Brands are offering many POS solutions to support sales. Triple 8 has developed a branded tree display for twenty helmets. It is also providing a gondola display for helmets and pads for selected retailers. Koroyd has a new piece that can be used as a tabletop display or on a slat wall system. It will also include, for the first time, an integrated Koroyd part to communicate how the technology works. Oakley offers a complete shop-in-shop system that includes goggles, helmets and apparel, to showcase the brand. It will also have special solutions for presenting goggles and helmets on the shelf or counter. POC has helmet stands with assorted imagery options to tailor it to each particular helmet.
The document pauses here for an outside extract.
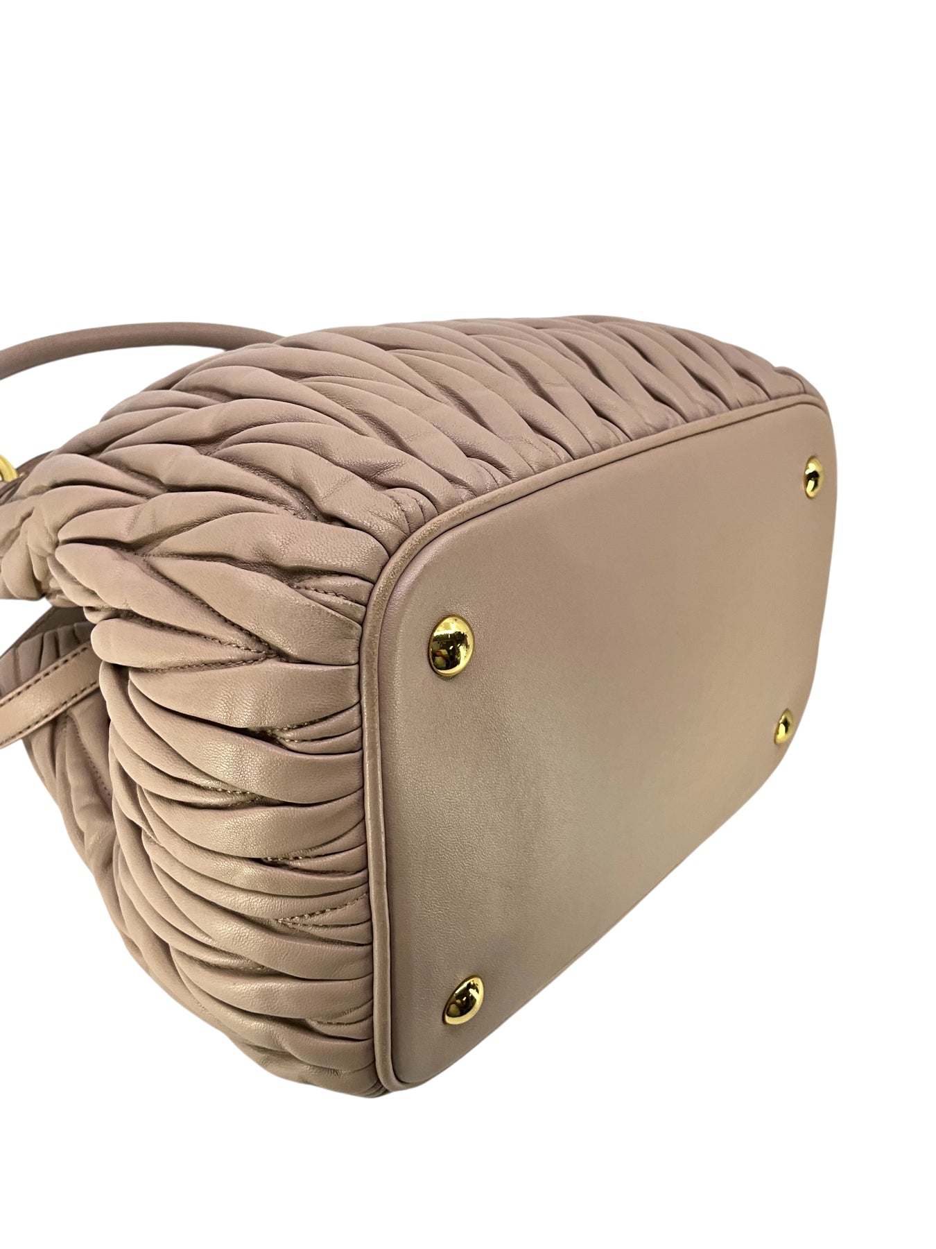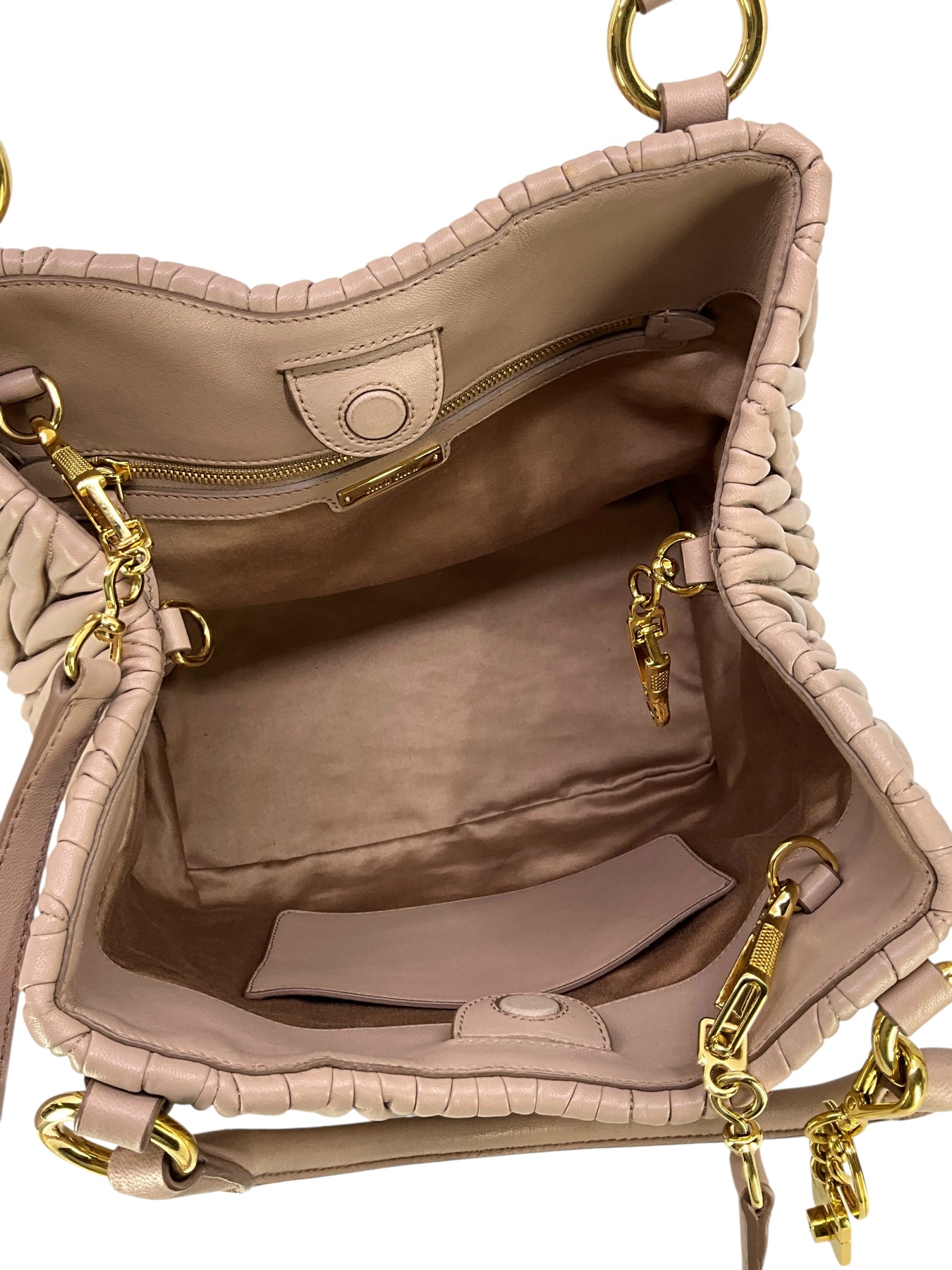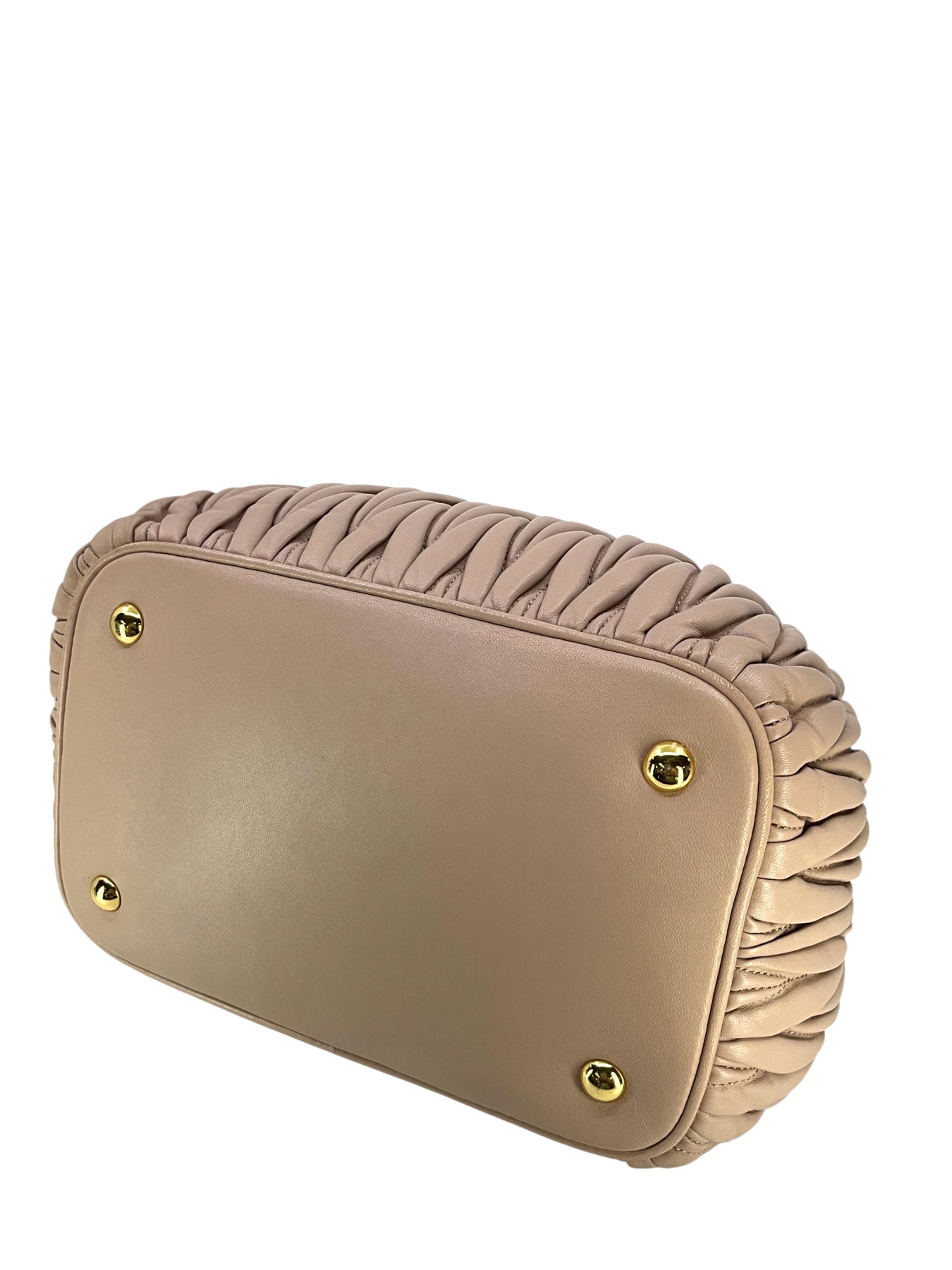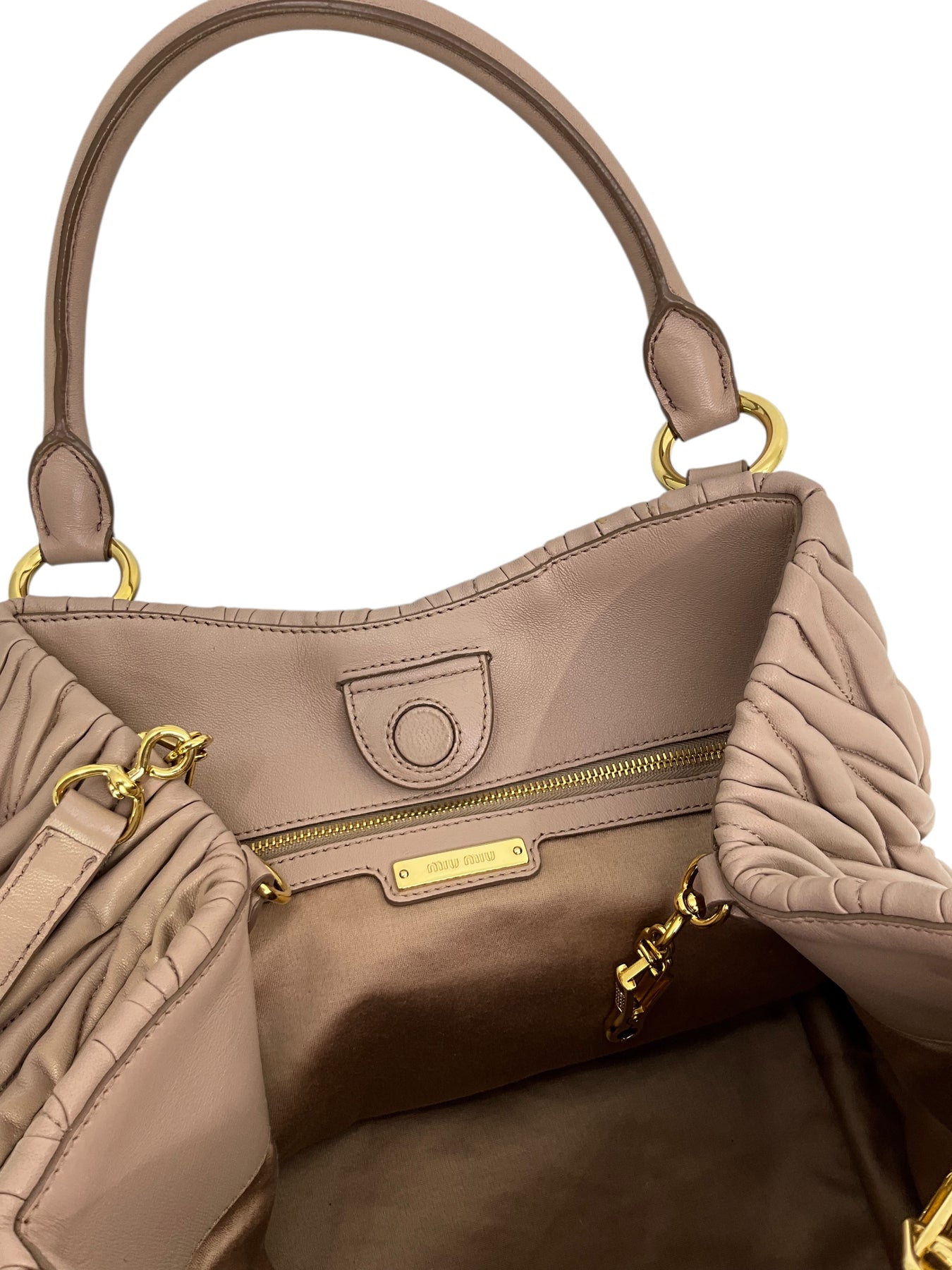 We guarantee the authenticity of this current Miu Miu Matelasse Leather Convertible 2WAY Bag crafted in taupe calfskin and gold-tone hardware. This bag features rolled leather top handles, including a removable, adjustable shoulder strap and a front logo accent. A perfect bag for day or night, only from MIU MIU!

Spy+ bases the POS programme on athlete collaborations. It will also add a new artist collaboration with San Diego artist Damasso Sanchez. Roxy and Quiksilver developed a new display that showcases goggles and helmets either combined or individually but had to postpone it due to the pandemic. Instead, they are focusing their efforts on providing education about technology and features. Their e-learning module for internal use and clinics help clients present their ranges at the beginning of the season. Education is a great form of support for such a technical product. Head is producing high quality videos with features, technology and fit to present the helmets to potential customers. Rossignol will be distributing posters explaining the IMPACTS technology.

Helmet use is so widely accepted in every age group and riding style that sales of this segment are expected to have a steady increase. With brands offering the right technology and retailers presenting it clearly to the customers, helmets should not stay on the shelves for long.